Input for this task:
[Start of Attachment]
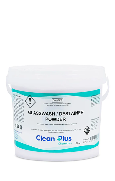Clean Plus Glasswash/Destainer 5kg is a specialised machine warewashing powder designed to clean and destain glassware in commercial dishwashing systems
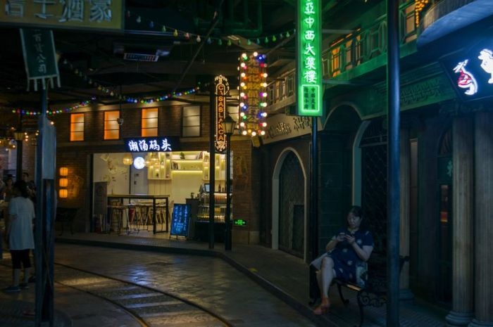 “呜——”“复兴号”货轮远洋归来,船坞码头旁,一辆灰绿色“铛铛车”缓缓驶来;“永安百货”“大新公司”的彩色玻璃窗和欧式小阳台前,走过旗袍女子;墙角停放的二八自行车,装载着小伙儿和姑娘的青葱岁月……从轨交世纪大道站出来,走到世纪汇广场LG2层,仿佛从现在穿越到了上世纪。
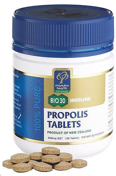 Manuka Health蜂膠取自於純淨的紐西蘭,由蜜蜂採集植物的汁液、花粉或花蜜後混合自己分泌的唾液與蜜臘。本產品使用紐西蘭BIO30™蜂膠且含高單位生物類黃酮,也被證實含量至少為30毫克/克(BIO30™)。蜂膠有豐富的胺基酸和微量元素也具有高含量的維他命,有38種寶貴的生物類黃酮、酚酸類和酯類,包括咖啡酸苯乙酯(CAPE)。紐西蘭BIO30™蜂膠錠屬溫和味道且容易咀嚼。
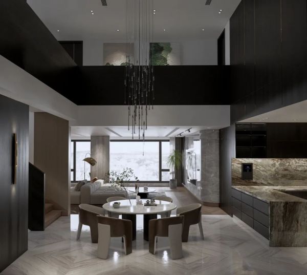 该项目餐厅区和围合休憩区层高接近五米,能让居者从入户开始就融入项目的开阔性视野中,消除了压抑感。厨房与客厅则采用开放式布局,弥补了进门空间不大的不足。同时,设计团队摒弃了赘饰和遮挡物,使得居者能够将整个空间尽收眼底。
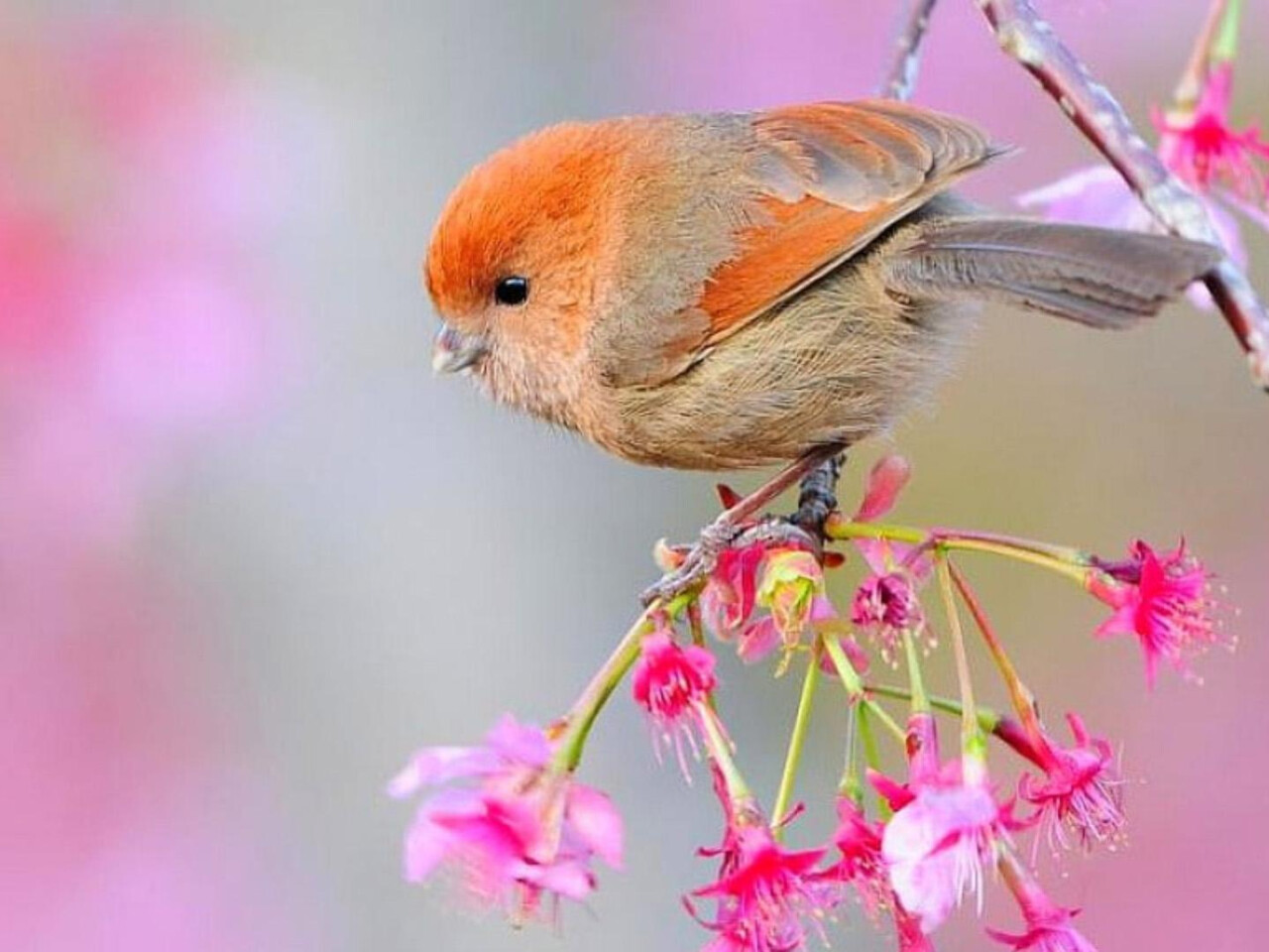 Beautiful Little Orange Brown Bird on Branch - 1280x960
[End of Attachment]
[Start of Attachment]
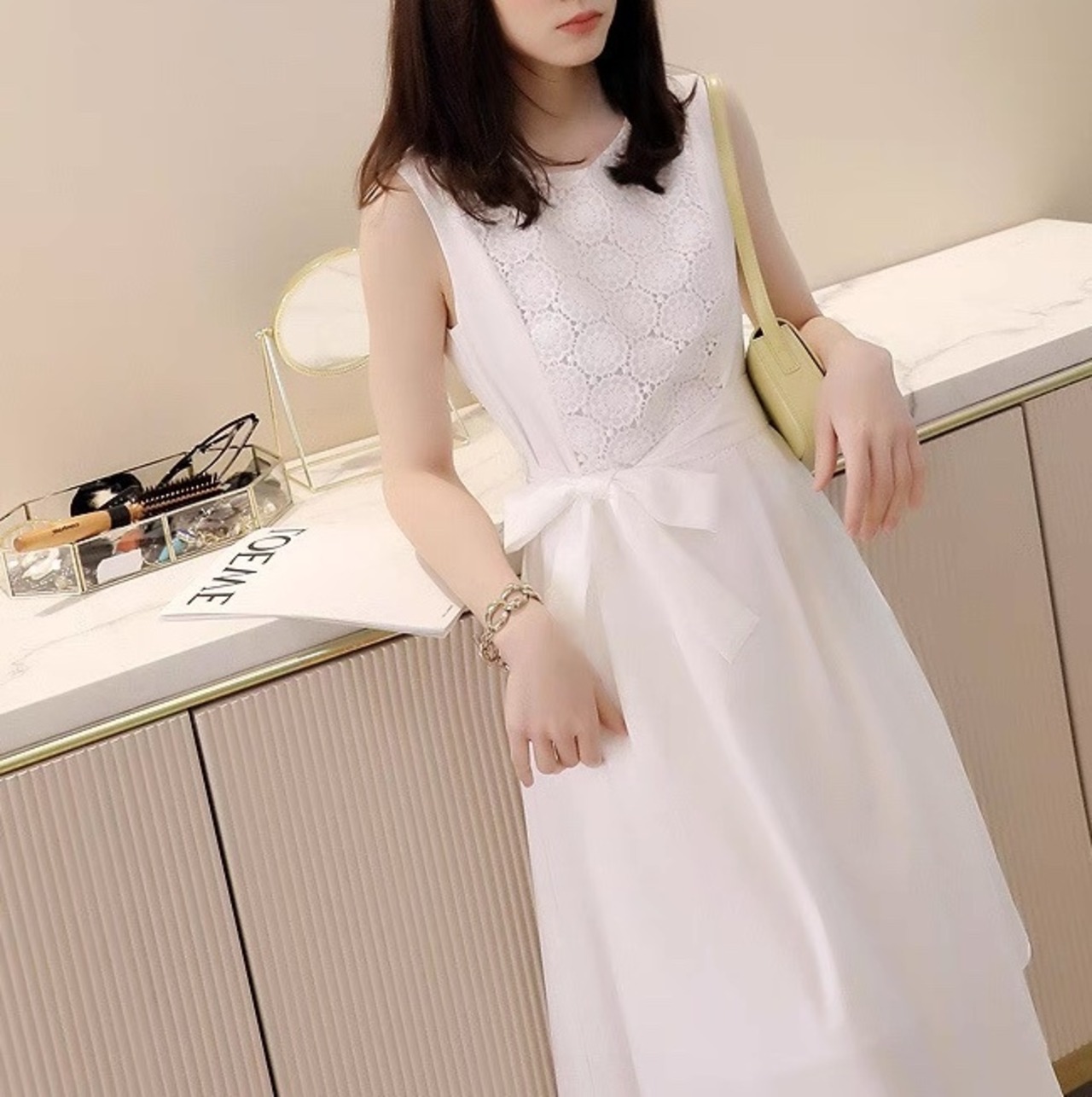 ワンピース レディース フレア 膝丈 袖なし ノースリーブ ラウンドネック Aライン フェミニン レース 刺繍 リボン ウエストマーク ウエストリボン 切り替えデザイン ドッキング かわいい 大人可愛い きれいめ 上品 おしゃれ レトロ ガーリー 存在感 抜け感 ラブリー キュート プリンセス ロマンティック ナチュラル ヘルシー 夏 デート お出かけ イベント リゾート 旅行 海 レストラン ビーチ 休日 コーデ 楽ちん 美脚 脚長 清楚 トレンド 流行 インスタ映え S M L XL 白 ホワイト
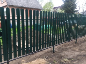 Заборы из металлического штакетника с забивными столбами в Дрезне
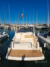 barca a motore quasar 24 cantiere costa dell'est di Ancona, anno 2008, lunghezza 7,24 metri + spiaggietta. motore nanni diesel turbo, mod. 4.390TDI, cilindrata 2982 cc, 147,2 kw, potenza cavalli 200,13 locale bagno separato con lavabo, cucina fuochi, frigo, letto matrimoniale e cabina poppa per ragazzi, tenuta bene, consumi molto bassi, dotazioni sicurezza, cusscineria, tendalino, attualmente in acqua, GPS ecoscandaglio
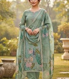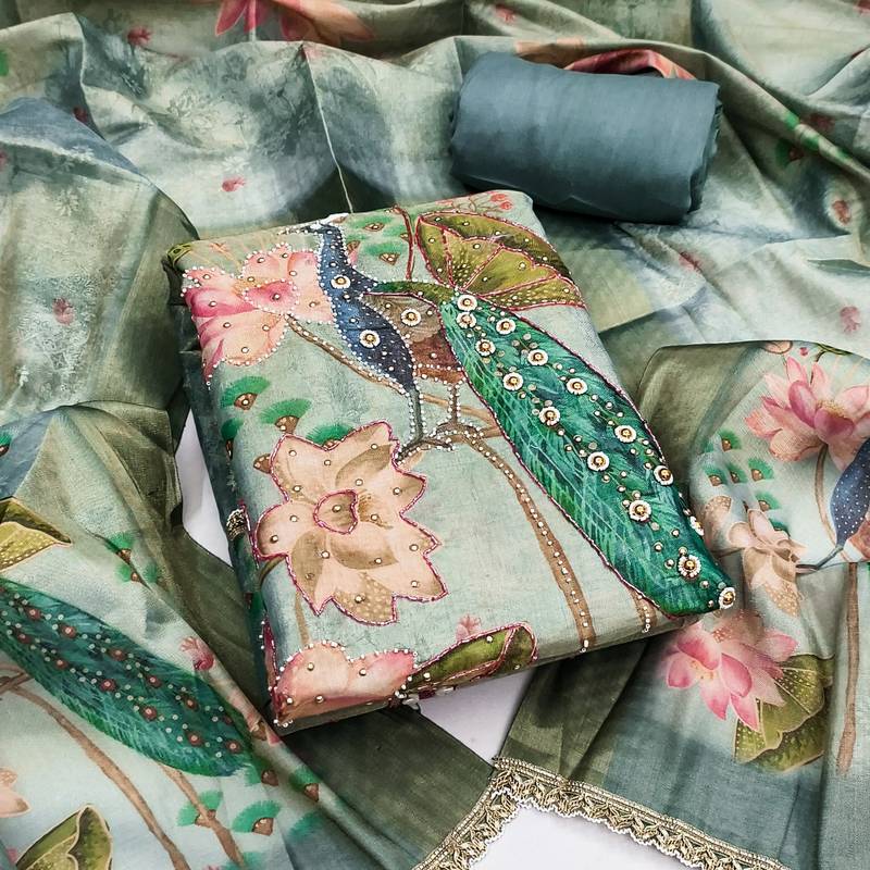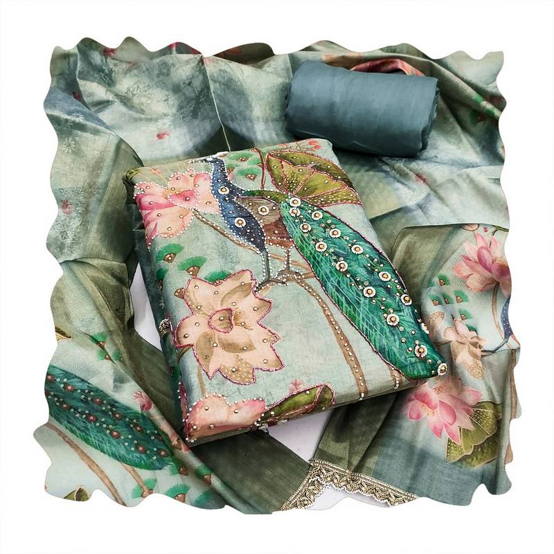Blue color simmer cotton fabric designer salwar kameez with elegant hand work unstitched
[End of Attachment]
Problem to work on: Copy the lines above exactly, starting at the one with "Manuka Health蜂" and ending at the one with "Beautiful Little Orange", both included. Leave out any pictures and add nothing else.

Output below:
 Manuka Health蜂膠取自於純淨的紐西蘭,由蜜蜂採集植物的汁液、花粉或花蜜後混合自己分泌的唾液與蜜臘。本產品使用紐西蘭BIO30™蜂膠且含高單位生物類黃酮,也被證實含量至少為30毫克/克(BIO30™)。蜂膠有豐富的胺基酸和微量元素也具有高含量的維他命,有38種寶貴的生物類黃酮、酚酸類和酯類,包括咖啡酸苯乙酯(CAPE)。紐西蘭BIO30™蜂膠錠屬溫和味道且容易咀嚼。
 该项目餐厅区和围合休憩区层高接近五米,能让居者从入户开始就融入项目的开阔性视野中,消除了压抑感。厨房与客厅则采用开放式布局,弥补了进门空间不大的不足。同时,设计团队摒弃了赘饰和遮挡物,使得居者能够将整个空间尽收眼底。
 Beautiful Little Orange Brown Bird on Branch - 1280x960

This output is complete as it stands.